*YOUR ASSIGNMENT*. Pictures found in the material must be left out, and every line returned as written.

*PROVIDED DATA*.
* * * * * * *

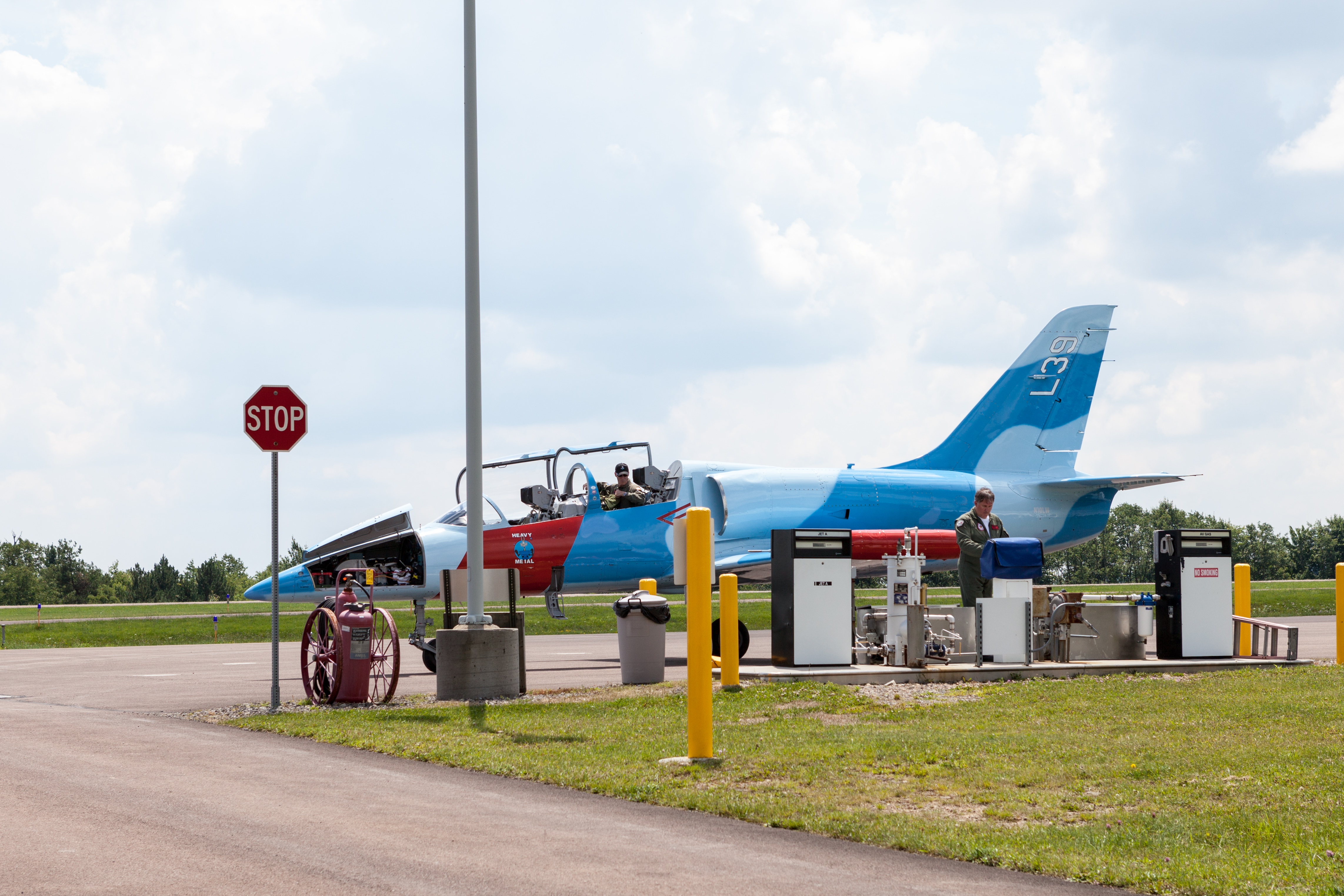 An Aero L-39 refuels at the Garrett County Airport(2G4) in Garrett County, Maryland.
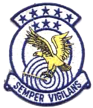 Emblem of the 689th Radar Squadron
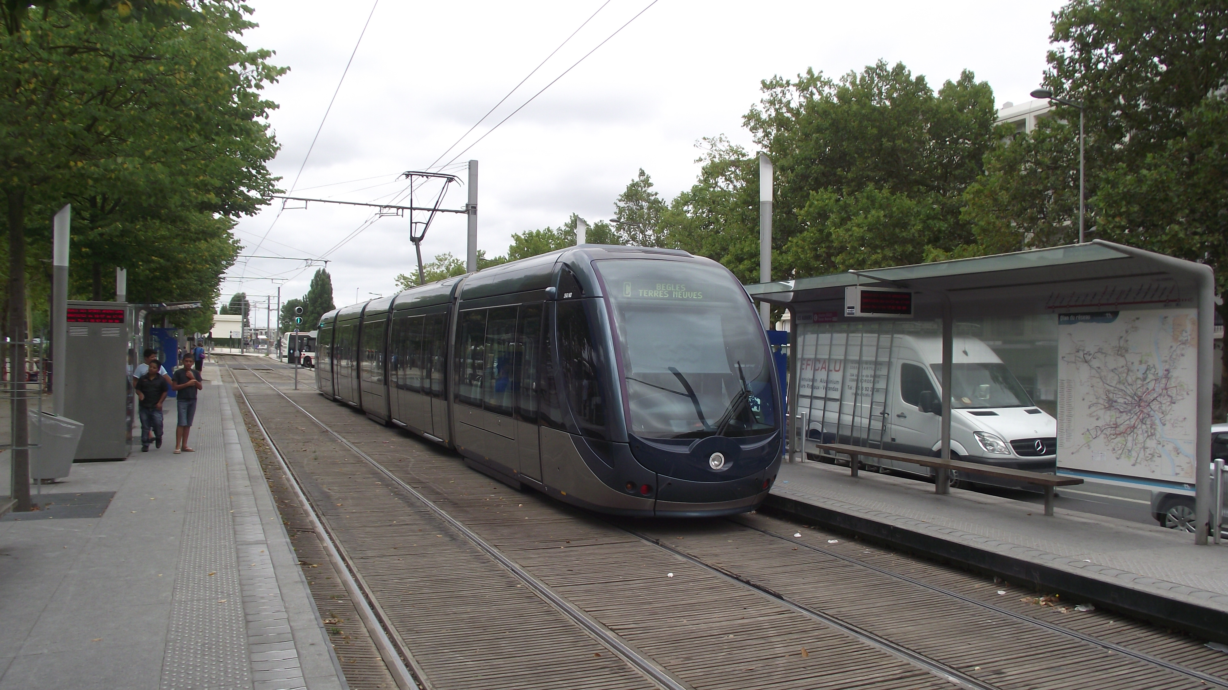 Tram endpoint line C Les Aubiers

* * * * * * *

*COMPLETED TASK*.
 An Aero L-39 refuels at the Garrett County Airport(2G4) in Garrett County, Maryland.
 Emblem of the 689th Radar Squadron
 Tram endpoint line C Les Aubiers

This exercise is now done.